# Aikijitsu



## Koga-Shinobi

I was just wondering if anyone can explain to me the difference/s bewteen Aikijitsu and Aikido. Are they related in any way? Similar techniques? I imagine Aikijitsu has aspects of ju jitsu in it - does this mean that it is a "harder" style than Aikido? Strikes, locks etc ?


----------



## Angus

Nono, AikijUtsu and Jiu-jitsu don't contain similiar aspects because of the name. Aikijutsu is japanese, jujutsu is japanese, but jiu-jitsu is Brazilian (though Japanese in origin). The word "jutsu" (that's the 'proper' romanji translation) in Japanese means "techniques", roughly. You see the word quite often in martial arts: Jujutsu (close meaning to judo, though they are quite different in practice), Aikijutsu (also seen as aikido), Kenjutsu (kendo), Ninjutsu (ninpo, I believe), etc etc. Mind you, I'm NOT an authority on this, as I speak no Japanese and don't claim to, so if anyone can come and correct me they should do so! 

I think the difference is similiar to the difference between Jujutsu and Judo; same philosophies, but wider range of actual techniques. However, I'm actually curious to know the answer in detail.

In some cases, the "do's" refer more to the sport aspect (kendo, judo) and the "jutsu's" more to the war aspect (kenjutsu, jujutsu, etc). I don't mean they refer to it literally in translation, because they don't I don't believe, but I just mean in actual practice. Again, not always, and someone can correct me, but that's how I've seen it. 

Jiu-jitsu is just an incorrect romanji translation and doesn't equate in any way really.


----------



## Aegis

The whole "incorrect romanji" argument seems to be a bit pedantic. The point of the romanji translations from Japanese is to give a phonetic idea of the word. The letters of the word really don't matter, as neither is truly correct.

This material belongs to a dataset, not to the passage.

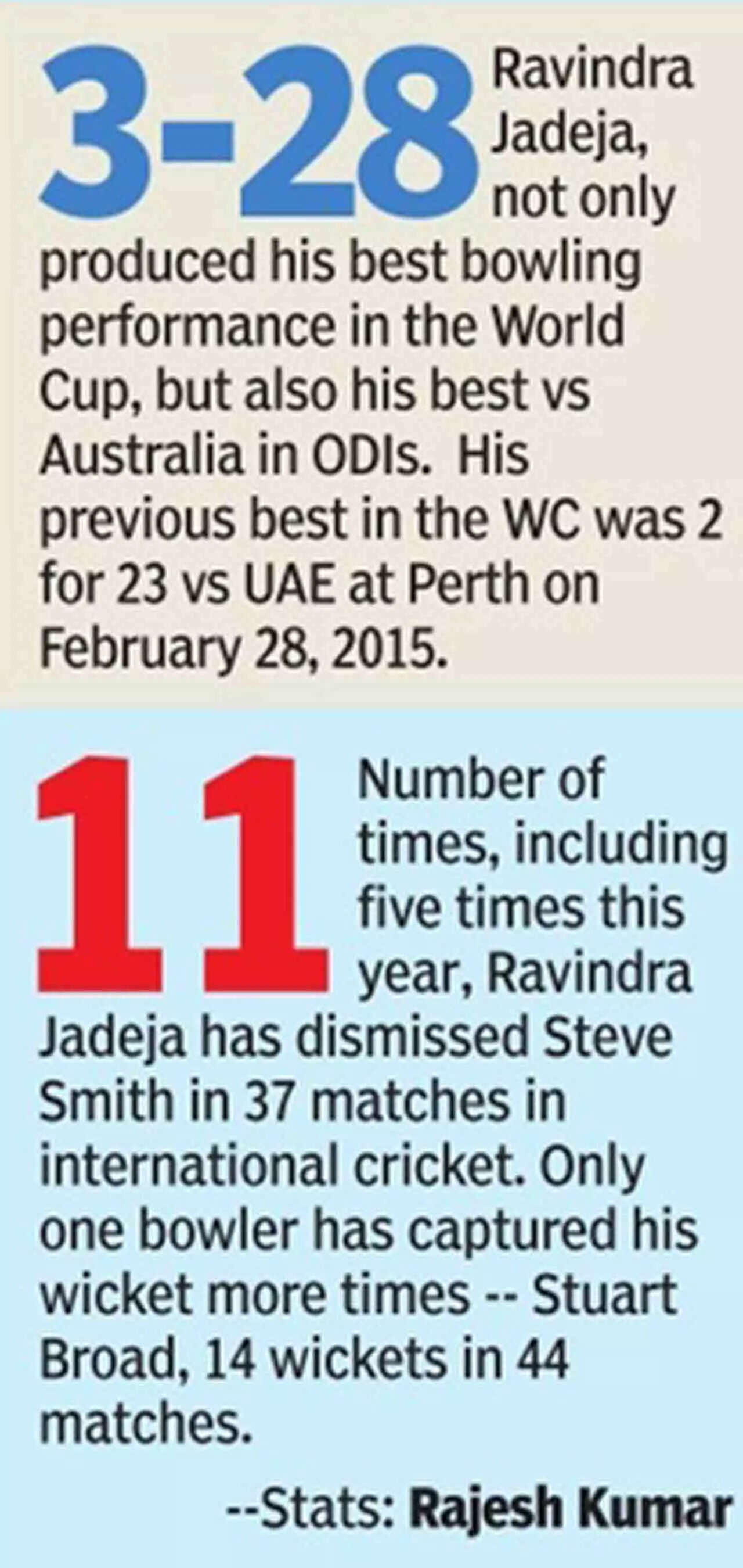 <p>Spinner Ravindra Jadeja returned figures of 3-28 to help bowl out Australia for 199 in 49.3 overs in the 150th ODI meeting between the two cricket giants.<br /></p>AP5/10:Starc sends back Ishan early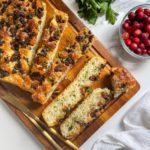 Once the bottom of the focaccia is golden brown and crispy, transfer the baking dish onto a cooling rack for 5 minutes and then transfer the focaccia directly onto a cooling rack to cool fully before slicing

Jui/Ju are simply different ways of writing the "romanji" translation of a single japanese character.....


----------



## Koga-Shinobi

Hehehehe..thanks for the literary lesson  What I was actually asking was what is the difference in styles bewteen the two?

Thanks for clearing up the rest though


----------



## Bod

Jutsu is art or technique.
Do is way (just like the Chinese Tao - pronounced Dow).

The original idea of the creation of the 'Do' arts is that the art is primarily spiritual. They marked a break from the feudal martial tradition to a more philosophical approach to the arts. This was to preserve the virtues engendered in the old arts which were dying out because the old days of battle and duelling had passed.


----------



## Jay Bell

Aikido was created from the Soden Gata of Daito ryu Aikijujutsu by Ueshiba sensei.  Ueshiba was a teacher of the Daito ryu under the Soke, Sokaku Takeda.  He traveled to teach the Asahi Newspaper, which developed into Asahi ryu (later called Aikido).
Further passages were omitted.